[[ Records supplied open ]]

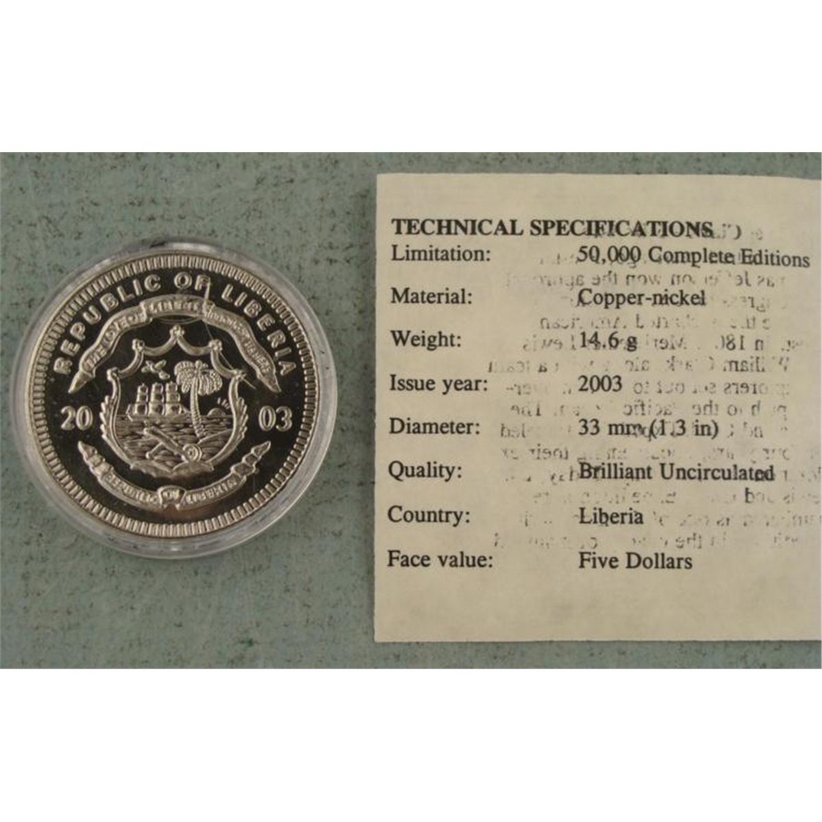 Here is a 2003 GEM, uncirculated commemorative coin from Liberia. On one side is a picture of Lewis and Clark on an expedition and reads Lewis and Clark-Exploring the West. On the other side is a picture of an island, ship, sunset, and plane and reads Republic of Liberia, 2003. * * The diameter of the coin is 33 mm. The coin comes in a protective case and with a Certificate of Authenticity from American Mint. *
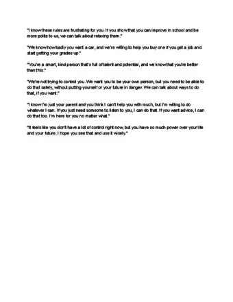 - For example, if the teen misses curfew by a few minutes, you might not say anything. However, when they arrive well before curfew, you might say, “I really appreciate you being responsible and making curfew tonight!”
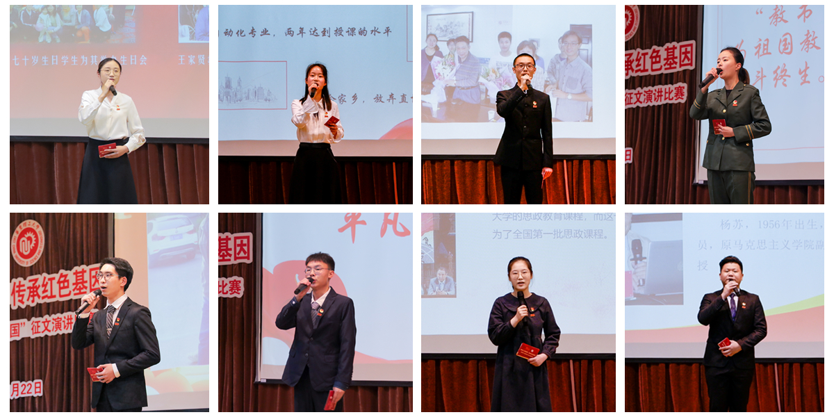 8位选手提前两周采访了原机械与动力工程学院王家贤夫妇、原化工学院徐佩若、原理学院党总支书记阴其俊、原马克思主义学院杨苏几位老教授,听他们讲述奉献、服务、坚守与奋斗的故事。而在比赛现场,选手们通过声情并茂的演讲向全体师生讲述了这些老一辈优秀共产党员的感人事迹,深刻感悟老一辈教育者的初心使命。
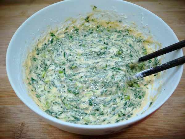 食材:茼蒿一把、雞蛋3個、面粉適量,鹽、胡椒粉少量。
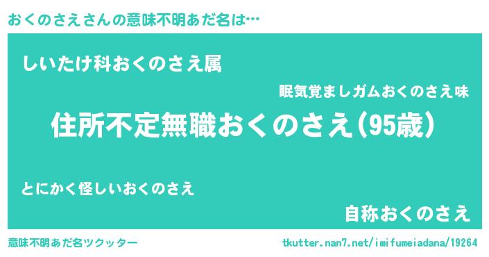 | 欧米人風あだ名 | 『アンジェラ・おくのさえ』 |
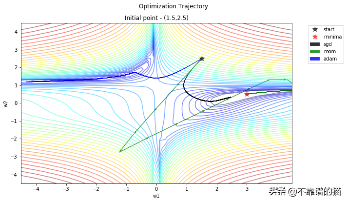 compare_trajectories(x, y, epochs, optims, lrs)初始点在优化问题中起着至关重要的作用。在这里,我们试图解决一个二维问题,与使用大型数据集和上百万个参数(维度)时找到最小值相比,这很容易。虽然我们在这里没有调优超参数,但是我们可以使用正确的超参数集有效地将优化推向正确的方向。
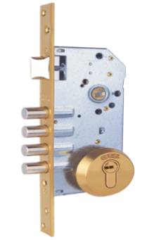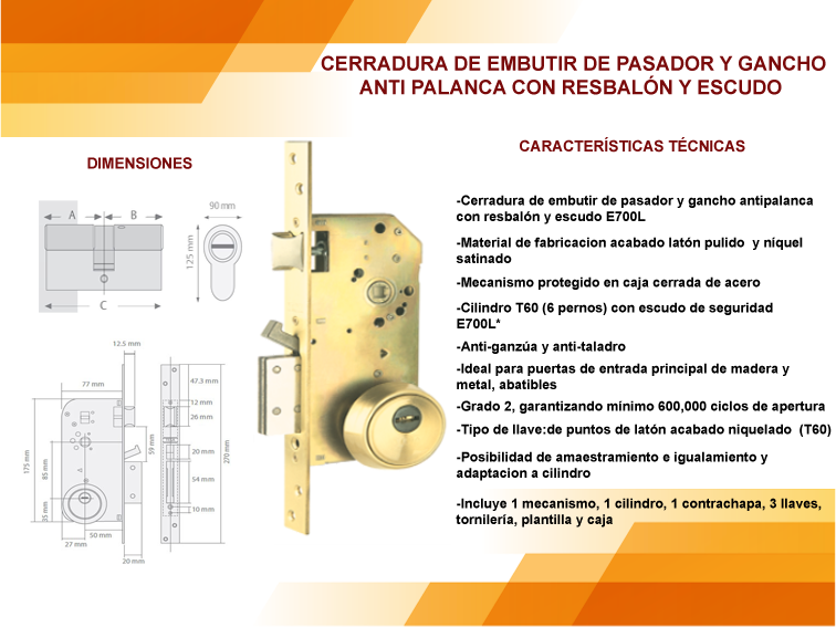 Cerradura de embutir de pasador y gancho anti palanca con resbalón y escudo

[[ Records supplied closed ]]

The answer should be an exact copy of the material, with its pictures removed.

Written response ▸
 Here is a 2003 GEM, uncirculated commemorative coin from Liberia. On one side is a picture of Lewis and Clark on an expedition and reads Lewis and Clark-Exploring the West. On the other side is a picture of an island, ship, sunset, and plane and reads Republic of Liberia, 2003. * * The diameter of the coin is 33 mm. The coin comes in a protective case and with a Certificate of Authenticity from American Mint. *
 - For example, if the teen misses curfew by a few minutes, you might not say anything. However, when they arrive well before curfew, you might say, “I really appreciate you being responsible and making curfew tonight!”
 8位选手提前两周采访了原机械与动力工程学院王家贤夫妇、原化工学院徐佩若、原理学院党总支书记阴其俊、原马克思主义学院杨苏几位老教授,听他们讲述奉献、服务、坚守与奋斗的故事。而在比赛现场,选手们通过声情并茂的演讲向全体师生讲述了这些老一辈优秀共产党员的感人事迹,深刻感悟老一辈教育者的初心使命。
 食材:茼蒿一把、雞蛋3個、面粉適量,鹽、胡椒粉少量。
 | 欧米人風あだ名 | 『アンジェラ・おくのさえ』 |
 compare_trajectories(x, y, epochs, optims, lrs)初始点在优化问题中起着至关重要的作用。在这里,我们试图解决一个二维问题,与使用大型数据集和上百万个参数(维度)时找到最小值相比,这很容易。虽然我们在这里没有调优超参数,但是我们可以使用正确的超参数集有效地将优化推向正确的方向。
 Cerradura de embutir de pasador y gancho anti palanca con resbalón y escudo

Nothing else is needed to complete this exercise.